私はこれらが重要な記録であると信じている人々の一人で、まだ希望を失っていません。延期は、登録されないよりはいい。最終的な決断が肯定的なものになるよう、説明し、疑問点は質問しなければなりません。延期決定の時に示された「関係者間での対話」の意味を含め、私はまだ今回の決断が何を意味するのか、分からないでいます。

――前回は中国が申請した「南京大虐殺の記録」が登録され、日本政府が激しく反発して制度改革を訴えました。ユネスコは多国間で対立がある案件は話し合いを求めることにし、今回、それが適用された形になりました。「旧日本軍の慰安婦に関する資料」以外に、日米の民間団体などから旧日本軍が慰安婦を規律正しく扱ったなどとする資料も申請されたからです。日本政府の姿勢についてどう思いますか。
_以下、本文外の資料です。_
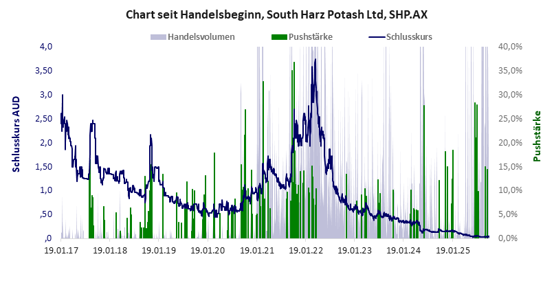 wertloses Unternehmen mit Aktienkurspushes in einem bekannten Netzwerk. South Harz hat ein sehr schlechtes Gesamtscoring und ist ein mickriger Pennystock mit praktisch einem Totalverlust. Das Gesamtvermögen ist karg, harte Vermögenswerte scheinen nicht werthaltig zu sein, der Umsatz ist nicht existent, die Ertragslage extrem verlustreich, das Defizit extrem hoch.
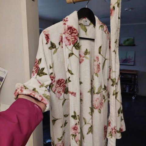 Kaunis ruusukuvioinen aamutakki
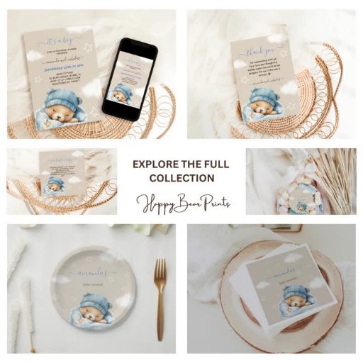 かわいミニマルい、モダン、水の色それは男の子の熊の雲の男の赤ちゃんシャワー招待状。
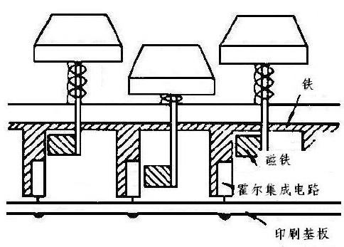 霍爾集成電路通常使用于前述磁電變換組件的項所述的(A-1)、(A-2)范圍的用途,在這些用途的中,特別像開關那樣,以磁氣為媒介將位置的變化、速度、回轉等的物理量變換為電氣量時,使用起來非常簡單。使用霍爾集成電路的開關系如圖2-21所示,這種開關具有:(1)無震動(Chattering),(2)不生雜音,(3)使用壽命長,可靠度高,(4)響應速度快等特征,已經實際被使用作為高級的鍵盤用開關。
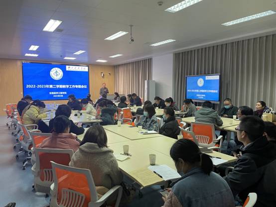 本网讯(通讯员 邓闻达)3月24日下午,生物医学工程学院在教师发展中心102室召开本学期教学工作会暨本科教育教学审核评估推进会。校党委常委、统战部部长、生物医学工程学院院长谭艳,教务处处长刘涛,学院领导班子成员、专业负责人、教研室主任及秘书,教学科研办人员参加了会议。会议由学院分党委书记郭瑞主持。
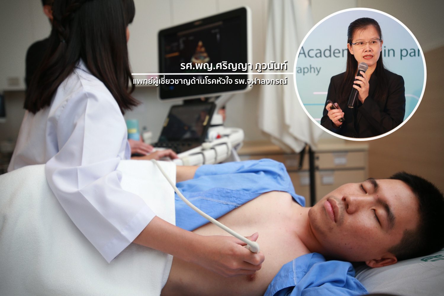 “การซักประวัติ ตรวจร่างกาย และการใช้หูฟังฟังเสียงหัวใจของแพทย์เป็นวิธีการนำมาซึ่งการวินิจฉัยโรคหัวใจ ที่ดี แต่บ่อยครั้งอาจไม่เพียงพอ ต้องอาศัยการตรวจเพิ่มเติมที่ละเอียดมากขึ้น ปัจจุบันมีการตรวจเพิ่มเติมทางด้านหัวใจหลายประเภท และมีจุดเด่นและข้อจำกัดแตกต่างกัน ดังนั้น ผู้ป่วยบางรายอาจต้องได้รับการตรวจเพิ่มเติมมากกว่าหนึ่งชนิด เช่น การตรวจคลื่นไฟฟ้าหัวใจหรือ EKG; การตรวจวิ่งสายพานหรือ Stress Test; การตรวจทางภาพถ่ายรังสีแบบธรรมดา จนถึง เอ็กซ์เรย์คอมพิวเตอร์ หรือ เอ็กซเรย์คลื่นแม่เหล็กไฟฟ้า หรือ CT scan cardiac MRI; การฉีดสีหลอดเลือดหัวใจ และการตรวจที่จัดได้ว่าเป็นหนึ่งในการตรวจที่สำคัญที่สุด คือ การตรวจด้วยคลื่นเสียงสะท้อนหัวใจขั้นสูง (Echocardiography)” รศ.พญ.ศริญญา อธิบายเพิ่มเติม

日本政府のことは分かりませんが、第2次世界大戦に関連する資料は開示する時が来ています。私は終戦の年に生まれました。それから70年以上がたち、関係者は多くが亡くなっています。私たちは違う世紀に生き、環境は大きく変わりました。それでもまだ私たちは戦争を終わりにする、と言えないのでしょうか。たとえば、スペイン政府は、1930年代の内戦とその後のフランコ独裁時代の記録をいまだに公開していません。

よい例ではないかもしれませんが、もう一つ例をあげましょう。10月末、ケネディ暗殺にかんする文書が一部を除き公開されました。私が長官代理をしていたときに、25年後にそれらを公開する文書を議会が可決しました。私は当時判断に大変悩みましたが、公開を求める市民社会のプレッシャーは年々大きくなっていました。議員に「個人情報が入っている」という話をしましたが、その時言われたのが「全てを公開しない限り、陰謀論は続く」ということでした。

第2次世界大戦に何が起きたかについても、すべての推測を終えるべき時なのです。手に入るすべての資料を公開すべきです。南アフリカの真実委員会のコンサルタントをした時、私はメンバーの一人がこう話すのを聞きました。「歴史のページをめくって先に進みたかったら、まずそこに書かれていることを読まなくてはいけない」と。直視するのは容易なことではありません。しかし、そこに書かれたことは「すべて私たちの間で起きたことだ」と理解しないといけません。その作業をせずに、先に進むことはできないのです。